Volviendo al libro, nos cuesta morirnos. Hay gente que quiere vivir 140 años.

Qué horror. Vivamos 80 o 90, lo importante es que los vivamos bien. Llega un momento de la vida en que ya no es divertida. Para mí lo divertido no es lo contrario de lo serio, sino de lo aburrido. En el libro hablo de eutanasia y suicidio, de Juan Belmonte.

El torero se suicidó. ¿Es un final digno?

Sí. Creo que sí. Yo pretendo morir sin dar la lata. Mis hijos son muy jóvenes. Les digo: «Me vais a ver morir. Tratadme lo mejor que sepáis, que sufra lo mínimo, pero no quiero arruinaros la vida con una vejez prolongada». El 50% de los gastos sanitarios de una persona se dan en los últimos cuatro meses de su vida, mientras gente de 30 años hace cola para que la operen.
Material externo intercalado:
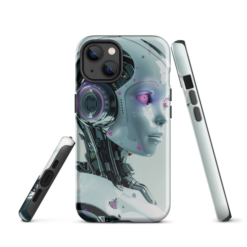 Unleash the intelligence and resilience of "Neon Cypher", an AI marvel engineered with a fusion of sleek plating and intricate cybernetic wiring. This humanoid embodies the power of artificial intelligence, featuring illuminated violet energy nodes, high-tech components, and a seamless exoskeleton. The glowing optics and advanced cybernetic framework make her a symbol of futuristic innovation. Designed with dual-layer protection, this tough case ensures your iPhone remains as durable as the AI entity it represents. ?????
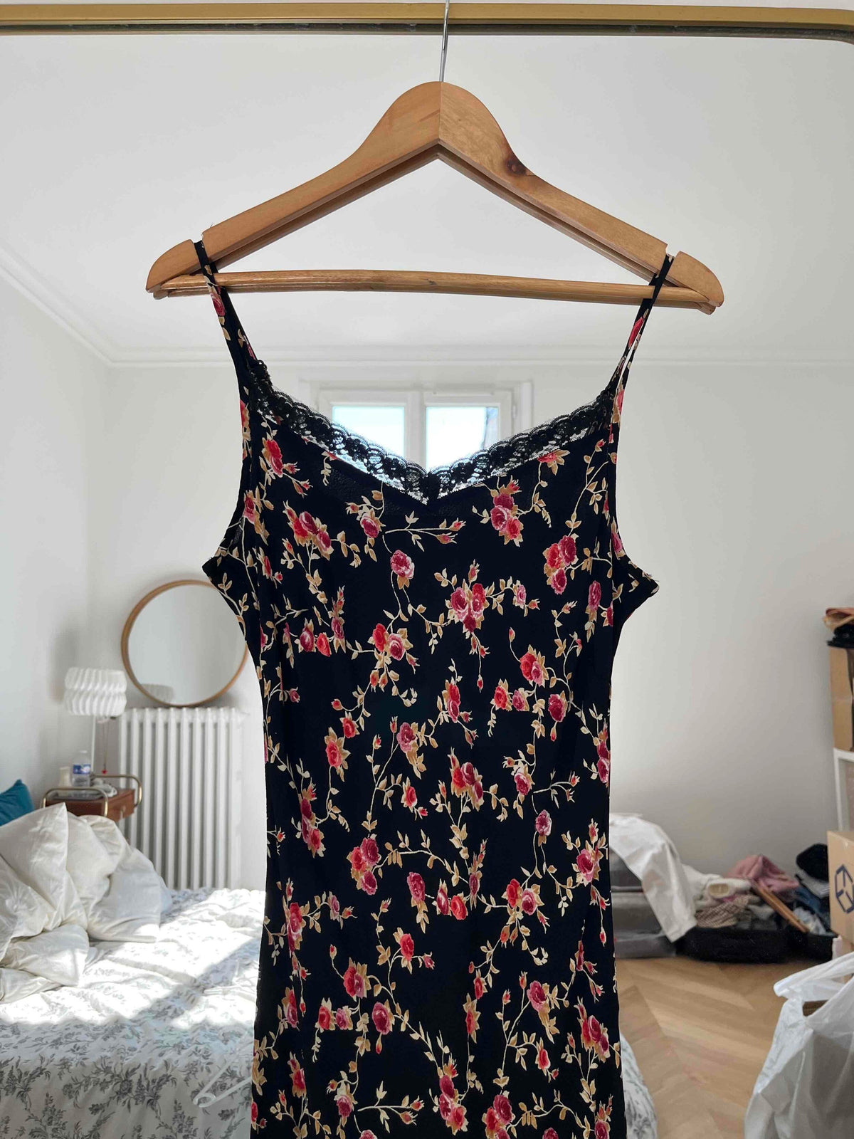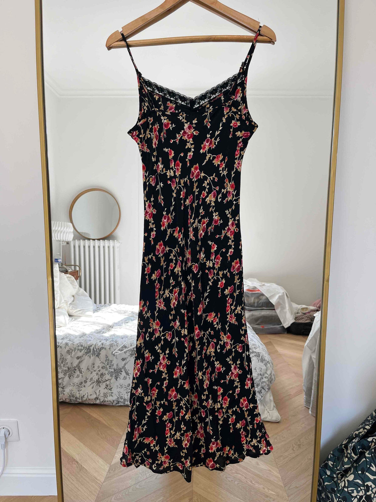 Prix unitaire parRobe à fleurs, décolleté en V orné de dentelle noire, bretelles ajustables, fluide et légère, tissu non doublé
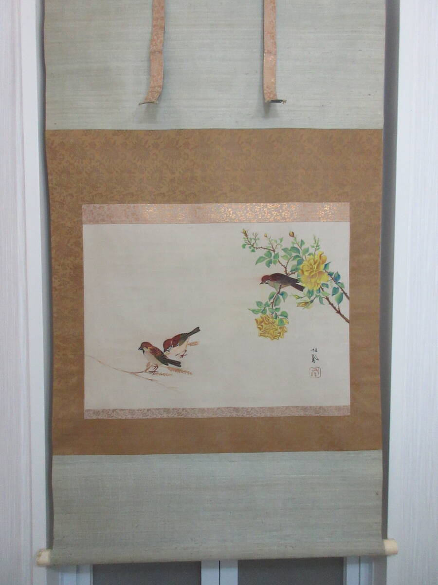 【真作】/ 竹内栖鳳 絹本「雀之図」 肉筆 花鳥図掛軸 / サイン・落款 合箱 / 検索 ( 近代日本画巨匠 横山大観 文化勲章)
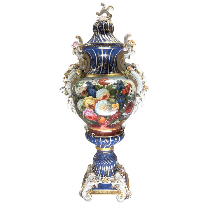 Steep yourself in the magnificence of bygone eras as you behold this Rococo-inspired porcelain urn, an epitome of artistic finesse and detailed craftsmanship. Rising gracefully from a porcelain square base through a flared stem, the urn exudes an aura of sophistication and grandeur.

Hay que saber morir.

La muerte de su padre. Se fue a dormir y ya no se despertó.

La muerte de mi padre fue una delicia. La envidio. Me llamó mi hermana: «Me parece que papá ha muerto». El disgusto por la muerte de las personas que queremos no es porque lo vayan a pasar mal, es porque nosotros no vamos a disfrutar más de ellas. Es un disgusto egoísta. Yo ya no puedo hacer una consulta sobre latín a Jaume Vallcorba. Y el caso de Enric Miralles. Amigos a los que no les tocaba.

Cuenta en el libro que tiene prevista una fiesta para cuando muera. ¿La tiene diseñada?

Mucho. Alcohol, hierba, rock. Juli Capella, amigo íntimo y padrino de mi hija, dice: «Óscar, iremos todos en silla de ruedas». Y yo le dijo: «No, Juli, tengo amigos jóvenes». Lo envidiaba de Salvador Dalí y lo estoy logrando. Le gustaba estar con gente joven, por eso le gustaba estar conmigo. Y a mí me pasa: tengo buen rollo con gente joven.

Cuenta usted que Dalí se dio cuenta de que moriría cuando le operaron de la próstata a los 73 años. ¿Usted ha pensado alguna vez que iba a morir?

Hubo un momento en el que oriné sangre y me asusté un poco. Fui al médico y dijo que podía ser una infección. Que había el 30% de posibilidades de que fuera un cáncer de próstata. Un mes después me hicieron otro análisis, fue bien y salí gritando por la calle. Es el único momento en que pensé en ello.